House prices average nearly 24 times annual household income

By Anh Ky   March 10, 2024 | 07:50 pm PT
The average house price in Vietnam is 23.75 times the annual household income, up from last year’s 23.5, according to Serbia-based statistics site Numbeo.

According to the Ministry of Construction, the house-price-to-income metric is used by many countries to assess the "reasonableness" of house prices.

The ration has risen by a fifth since 2019. This means houses have become increasingly out of reach for Vietnamese in the past five years.

But the same trend can be seen in many other countries, according to real estate agency Avison Young Vietnam.

In the 2019-24 period several Asian countries, such as the Philippines and Indonesia saw even higher house-price-to-income growth rates than Vietnam of 23.69% and 36.83%.

Some other countries like South Korea had lower growth rates (13.21%).

Singapore and Hong Kong were outliers with the ratio decreasing by 33.8% and 35.05%.

In the latter it was at 32.1.

An increasing number of young Vietnamese are considering renting instead of buying a house, given the rising house-price-to-income, Avison Young said.

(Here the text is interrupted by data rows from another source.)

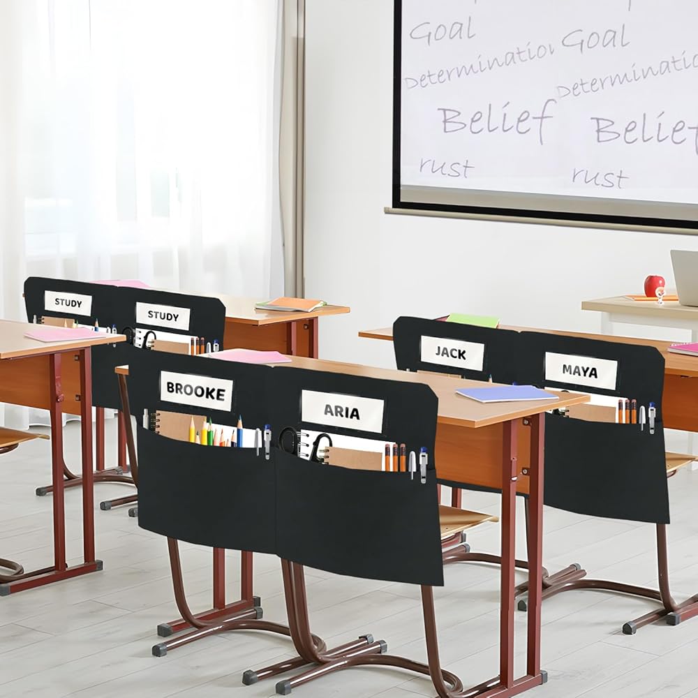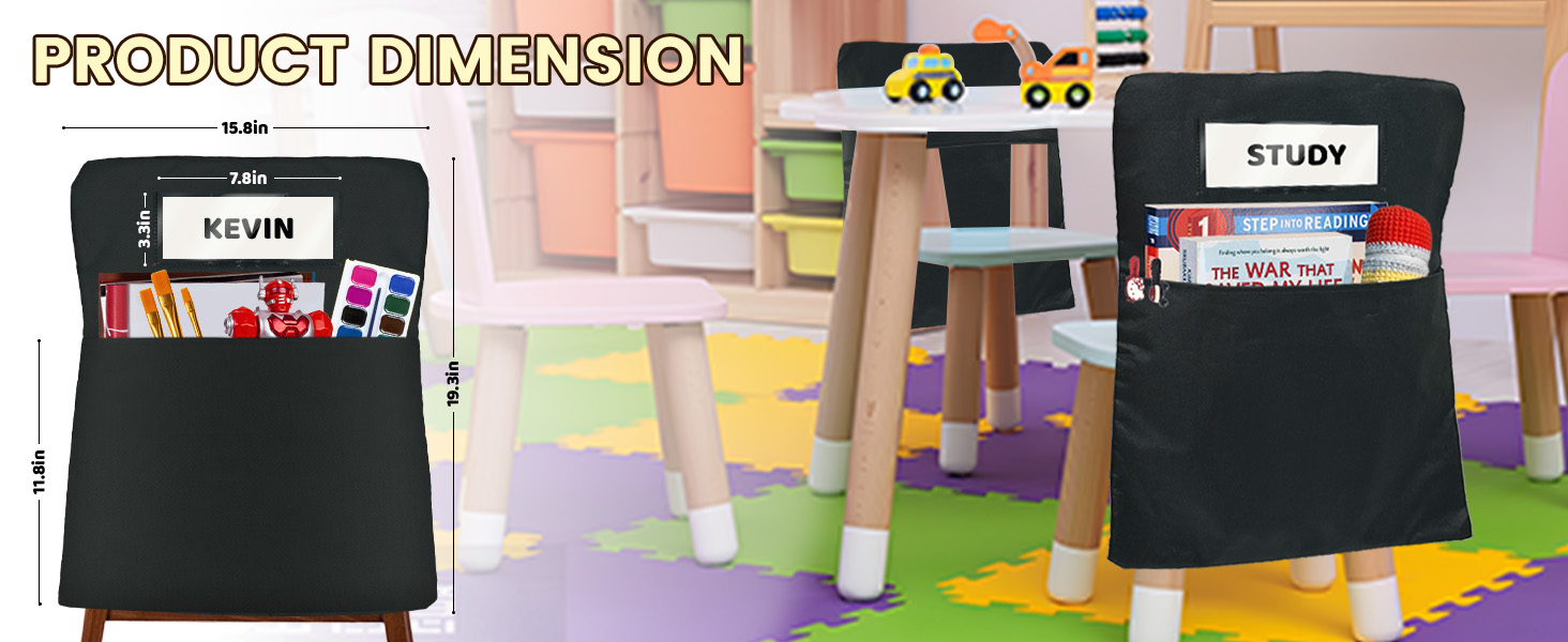 EXCLUSIVE NAME LABELING SYSTEM: Each chair pockets for classroom is equipped with a 7.8*3.3 inches transparent name slot, and comes with 24 pcs writable name cards, which is convenient for teachers, children or parents to easily mark exclusive seats. The transparent design is clear at a glance to avoid confusion, allowing students to quickly find their belongings, making classroom management more efficient!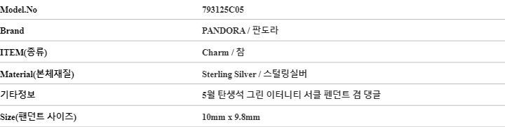 Product Name: Pandora May Birthstone Green Eternity Circle Pendant and Dangle Silver Charm 793125C05 144701949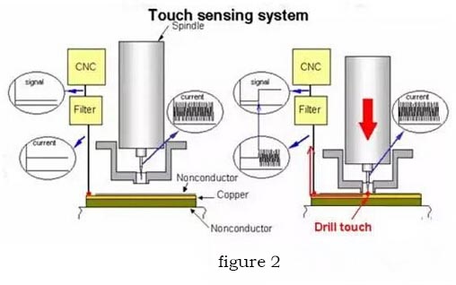 Relying on the micro-current generated when the drill tip touches the copper foil on the substrate surface to sense the height of the board surface when the drill is drilled down, then drill according to the set drill-down depth, and stop when the drill-down depth is reached. As shown in Figure 2, the schematic diagram of the work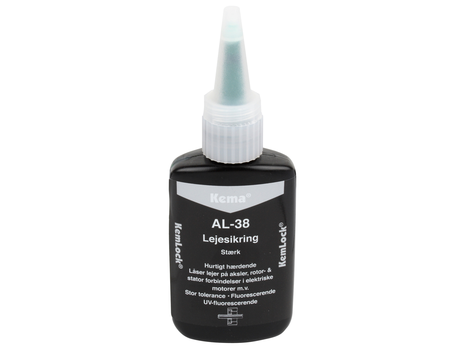 KemLock Lejesikring anvendes til sikring af lejer, aksler, bøsninger, m.v. Forstærker prespasninger, tillader større mekaniske tolerancer samt tætner mod lækager. Pga. den lave dosering og den hurtige hærdetid er KemLock særdeles velegnet til samlebåndsproduktion. AL-38 meget stærk hurtighærdende til lejer, cylindriske dele større tolerancer produktet lever op til kravene i henhold til NSF/ANSI Standard 61. Godkendt iflg. DIN 751-1 (DVGW).

But rents are also rising, it noted.

In HCMC and Hanoi, the country’s two biggest cities, house rents and other related costs have been on the rise for the last three years.

Data from the General Statistics Office showed that the housing and construction materials price index increased by 0.43% in February.

Specifically, house maintenance material costs increased by 0.48%, home repair services by 0.71%, electricity tariffs by 0.78%, and water tariffs by 1.73%.

As living costs, house prices and rents rise, an increasingly higher proportion of urban residents' incomes go toward housing, an essential need that is gradually inching toward becoming a "luxury," according to Avison Young.

It said that expanding the urban population towards outskirts or even adjacent provinces could make housing more accessible.

However, with an urbanization rate of 42.6%, and forecast to reach 50% by 2030, the housing issue requires a more multidimensional approach, it said.

Increasing housing supply is a sustainable way to stabilize prices and rents.

David Jackson, CEO of Avison Young Vietnam, said housing should be seen as "essential infrastructure for social welfare" just like roads, electricity and water.

"Thus, housing development policies should be built with the aim of addressing social welfare issues and be supported by long-term state investment funds as well as subsidized credit."

Additionally, private developers should focus on properties that serve housing needs.

"The housing challenge will be more severe if properties in the real estate market do not correspond to the actual value they provide to the community and society, specifically in satisfying housing needs."